Bibhuti Bhushan Nayak (born 1965) is an Indian journalist, who holds seven Guinness World Records and 12 Limca Book Records in physical strength to his name. He aims to have 72 records to his name. He currently manages his ancestral business, works as a journalist at The Times of India and teaches underprivileged children martial arts to continue the training of breaking world records. Bibhuti sustains himself on a completely vegetarian diet consisting only of pulses and sprouts. Nayak graduated as a management student from Osmania University. In recognition of his physical strength feats, he was given an honorary title of Singh and a pagri (turban) by the Gurudwara where he attempted the record.
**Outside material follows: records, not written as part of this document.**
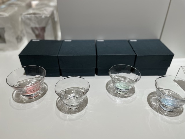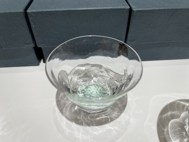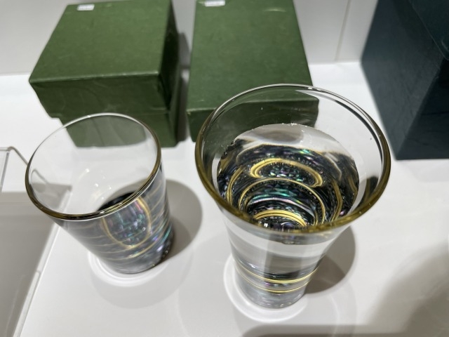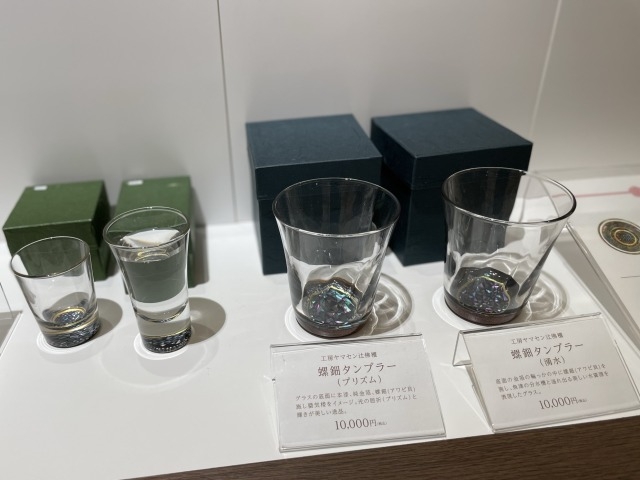 大正2年の創業以来、魚津市で仏壇仏具の製造を手掛けていた「工房ヤマセン辻佛壇」が手掛けるグラス類も人気を博しています。特に多くの人が手に取っているのは、美しい螺鈿(らでん)細工が底に施された「螺鈿タンブラー」や「halo」などのグラス類。水やお酒をいれると、底の装飾の美しさが際立ちます。
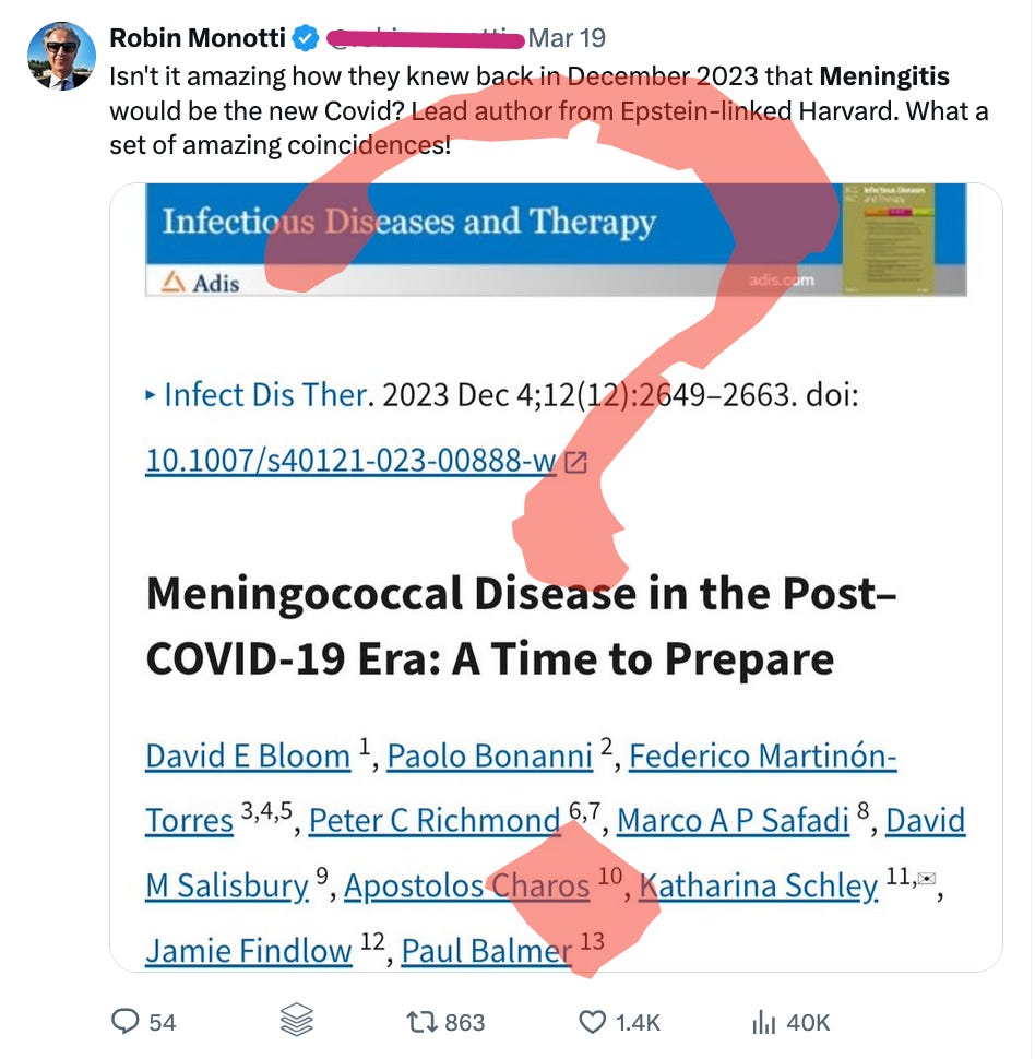 Robin Monotti even found a way to link the outbreak to Jeffrey Epstein!
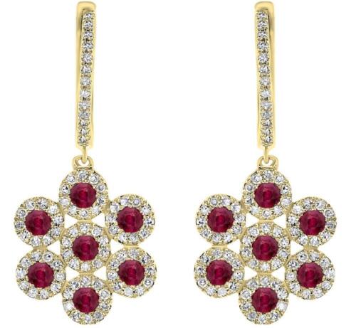 1.03CT DIAMOND & AAA RUBY 14KT YELLOW GOLD MULTI FLOWER HUGGIE HANGING EARRINGS
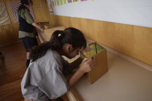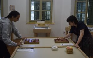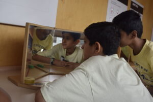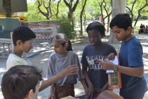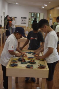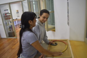 Però no: al museu de les matemàtiques s’hi va per jugar, tocar, moure i explorar. Acompanyats per l’Íñigo, la Lluïsa, la Vit i el Luca, les classes de 1r A i 1r B van prendre part a una gimcana amb preguntes de lògica i de matemàtica, i a una visita guiada de 75 minuts pels ambients del palau que és la seu del museu. Explorant el món dels números, de les fraccions, de la probabilitat, dels miralls i de la geometria.
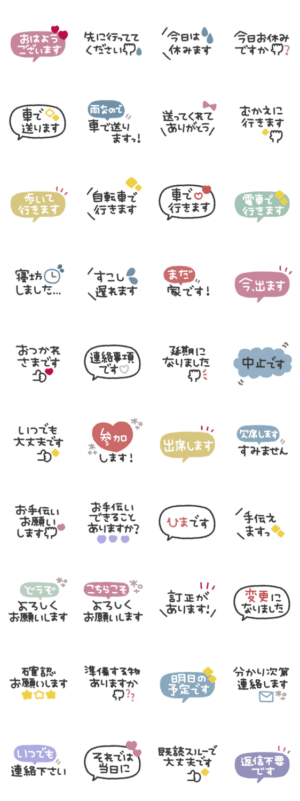 よく使うフレーズ、あいさつをスタンプにしました!これひとつで会話ができます! あいさつ/便利/使いやすい/ハート/癖字/女の子/敬語/手書き/カラフル/吹き出し/行事/連絡
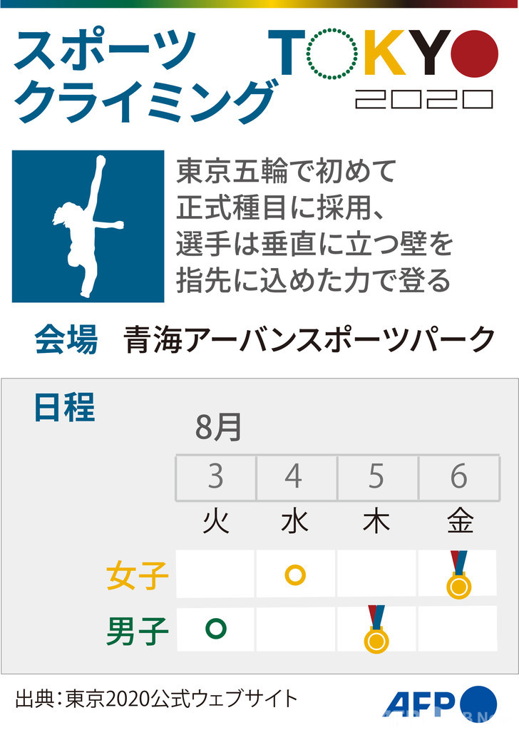 【7月12日 AFP】東京五輪で初めて正式種目に採用されたスポーツクライミングの競技日程を図解でまとめた。
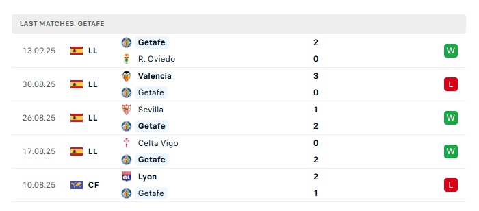 - Phong độ gần đây Getafe
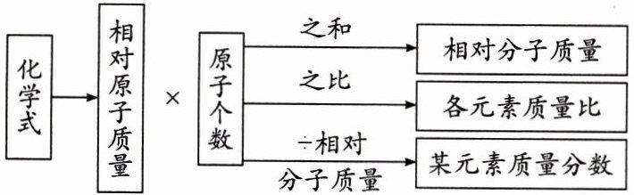 释疑解惑(1)常见题型与计算方法化学式$\xrightarrow{相对原子质量}×$原子个数$\begin{cases}$之和$\to$相对分子质量\\之比$\to$各元素质量比\\÷相对分子质量$\to$某元素质量分数$\end{cases} $
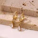 Demi Fine White Zircon Water Droplet Huggie Drop Earrings, Aiden
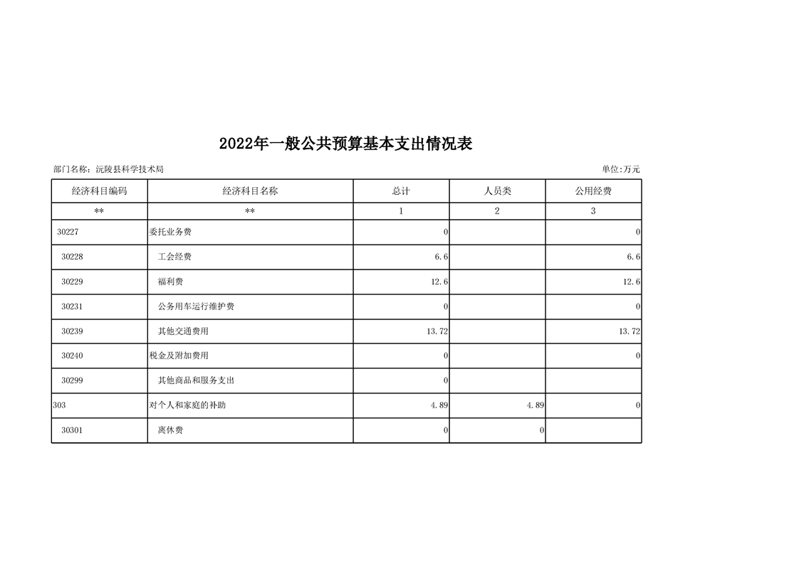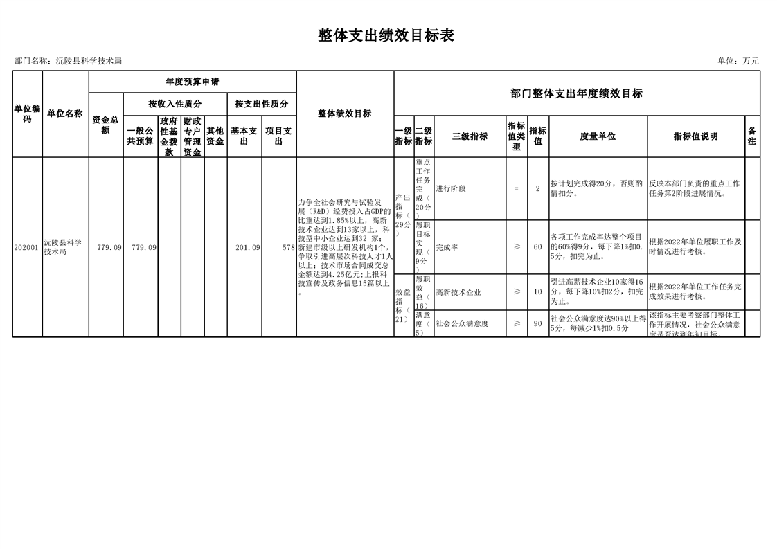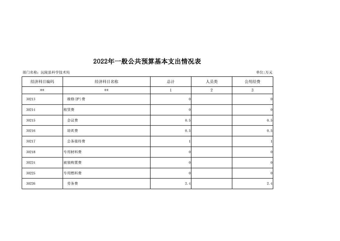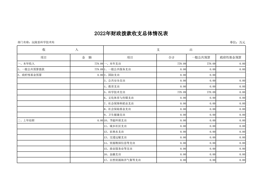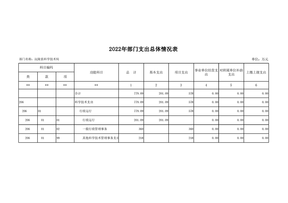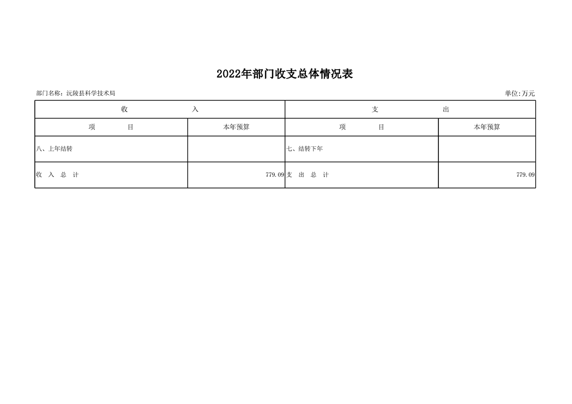 2022年沅陵县科学技术局预算公开
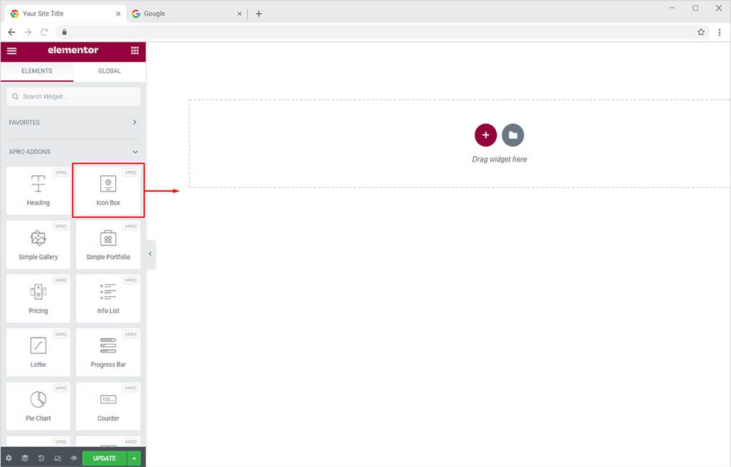 From the Xpro Addons section, simply drag’n’drop the Icon Box widget on your desired page location.
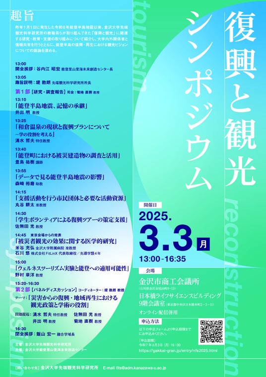 このたび、金沢大学先端観光科学研究所は、「復興と観光」をテーマとしたシンポジウムを金沢・東京で同時開催し、観光の視点で、令和6年能登半島地震からの復興の在り方について考えます。
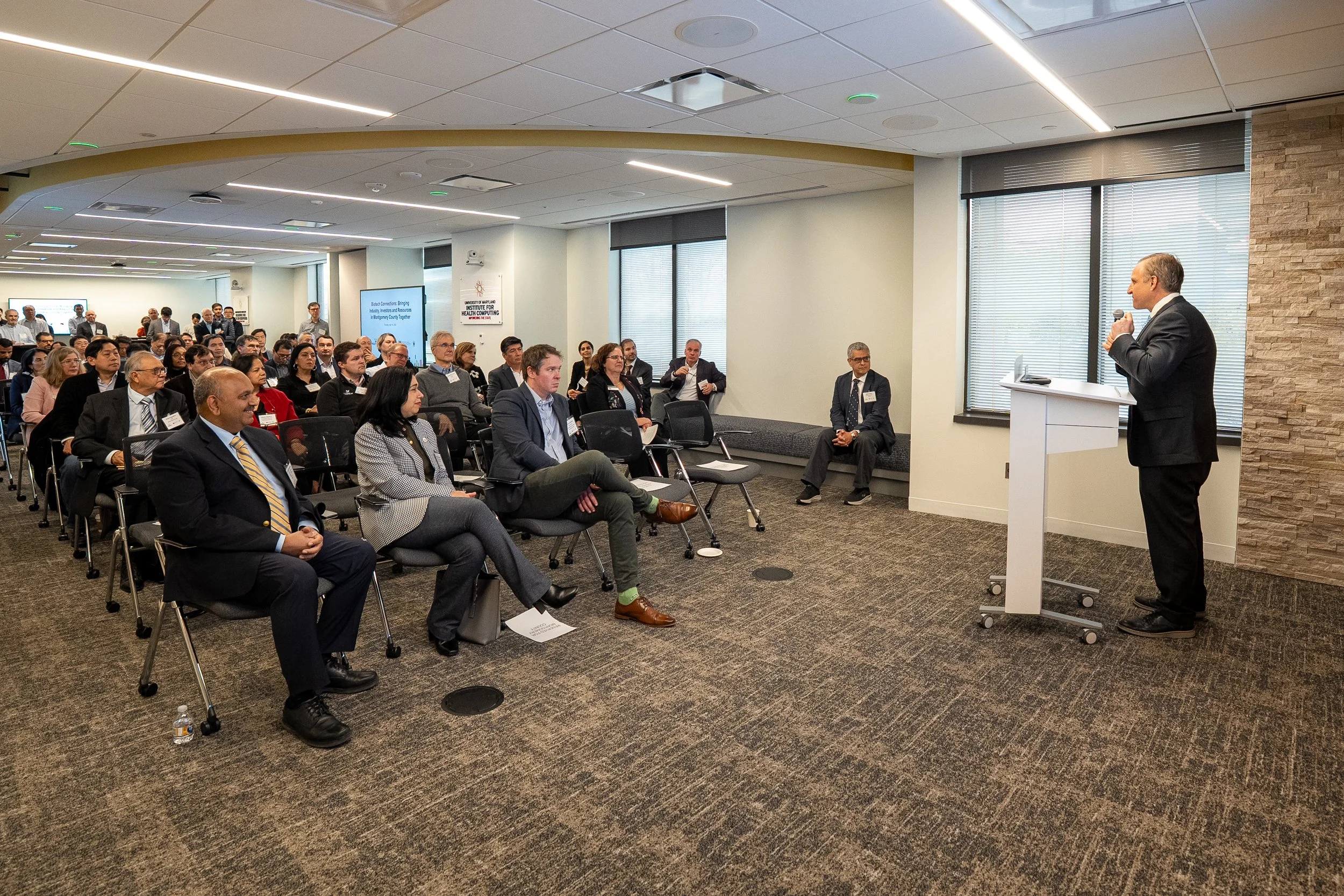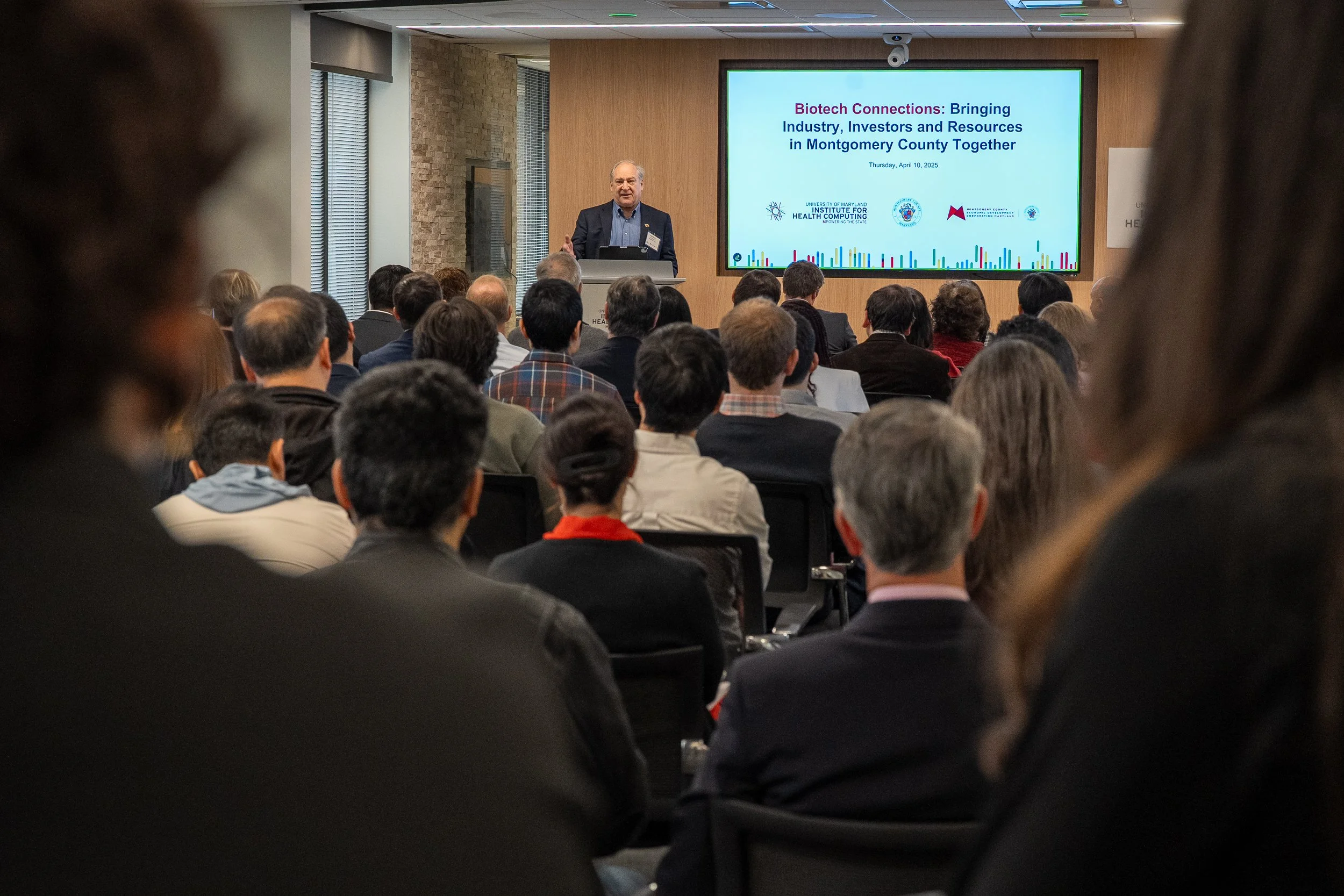 The University of Maryland Institute for Health Computing (UM-IHC) and Montgomery County Economic Development Corporation hosted the inaugural “Biotech Connections: Bringing Together Industry, Investors and Resources in Montgomery County” event on April 10, 2025. The event held at the UM-IHC offices in North Bethesda brought together early-stage life sciences companies with resource partners, potential investors, and other state and local organizations committed to fostering growth in Montgomery County.

In addition to that, he is popularly known as the Bruce Lee of Navi Mumbai, for his martial arts and record breaking accolades.

Students 
Three of his students hold records in the Limca Book of Records. One of his students Indresh Naithani, cartwheeled 5 kilometres in a record time of 64 minutes 37 seconds.

Records 
He holds the world record for most concrete slabs broken over the groin with a sledgehammer (three); highest number of one-handed cartwheels in one minute (34); and highest number of sit-ups in one hour (1,448).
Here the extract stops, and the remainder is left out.